Can you post a closeup of the flex shaft chute rotation setup? I always thought that was cool on these and would be a neat workaround to the typical generic repower mod where the chute rotation hardware conflicts with the slanted chonda cylinder.


----------



## db130

The 926 version that I had was a fantastic performer and I do wish sometimes that I kept it, but I got a great price for it when I sold it the following winter. Parts availability may eventually become an issue.


----------



## AriensProMike

More pics


----------



## jsimmonshms71

AriensProMike said:


> Picked this machine up with a bunch of others from a local dealer. Owner tells me it was made by Yamaha. Anyone know any info on this?

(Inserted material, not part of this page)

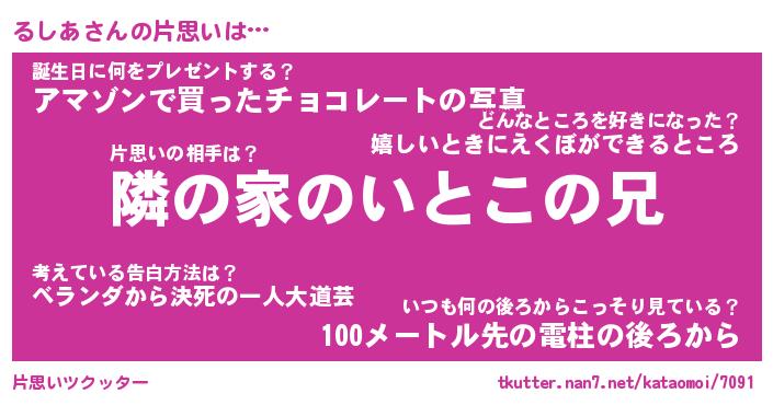 | ヘコむあだ名 | 『るしにゅー』『豆乳』『るしを』 |

Yes Yamaha did make a Snowthrower of this design in 1980's, They had a 6HP with a 24 or 26in wide Shell, When Yamaha pulled out of the USA, for a short time, they sold the or made them for Husqvarna to be sold as their Professional Series, the way you can tell is the Blades, and Shear pins. are the same. Husky Did make their own snowthrowers, (NOT MTD), They also sold them under the name of Jonsered, and Poulan. and Craftsman (Sears)


----------



## 140278

welcome to the SBF

did you see this thread died 2 years ago?


----------



## aa335

Those "Recommended Readings" at the bottom of the most recent post really messes people up. There should be an alert to when people respond to a 10 year old thread.


----------



## 140278

aa335 said:


> Those "Recommended Readings" at the bottom of the most recent post really messes people up. There should be an alert to when people respond to a 10 year old thread.


i agree there should be, than you get people who googled up a problem, join and simply post to long dead, sometimes flaming the long gone OP or poster they didn't like the post of and leave, never come back 
we can't ever win,


----------



## groomerz

jsimmonshms71 said:


> Yes Yamaha did make a Snowthrower of this design in 1980's, They had a 6HP with a 24 or 26in wide Shell, When Yamaha pulled out of the USA, for a short time, they sold the or made them for Husqvarna to be sold as their Professional Series, the way you can tell is the Blades, and Shear pins. are the same. Husky Did make their own snowthrowers, (NOT MTD), They also sold them under the name of Jonsered, and Poulan. and Craftsman (Sears)


Thanks for adding to history of the Swedish Japanese snow blower. Both give great massages


Sent from my iPhone using Tapatalk


----------



## jaytpilk

I have the same 1030E and am looking for a friction wheel; (not finding much). Someone posted about "Just look for a Yamaha YS828, should be the same part". I searched the Yamaha part and sure enough, it looks identical. Not sure what that tells you, but,...

Anyone have a line on the friction wheel, Husqy part number 53100256?


----------



## CO Snow

jaytpilk said:


> I have the same 1030E and am looking for a friction wheel; (not finding much). Someone posted about "Just look for a Yamaha YS828, should be the same part". I searched the Yamaha part and sure enough, it looks identical. Not sure what that tells you, but,...
> 
> Anyone have a line on the friction wheel, Husqy part number 53100256?


You’d be better off to start a new thread for your question.


----------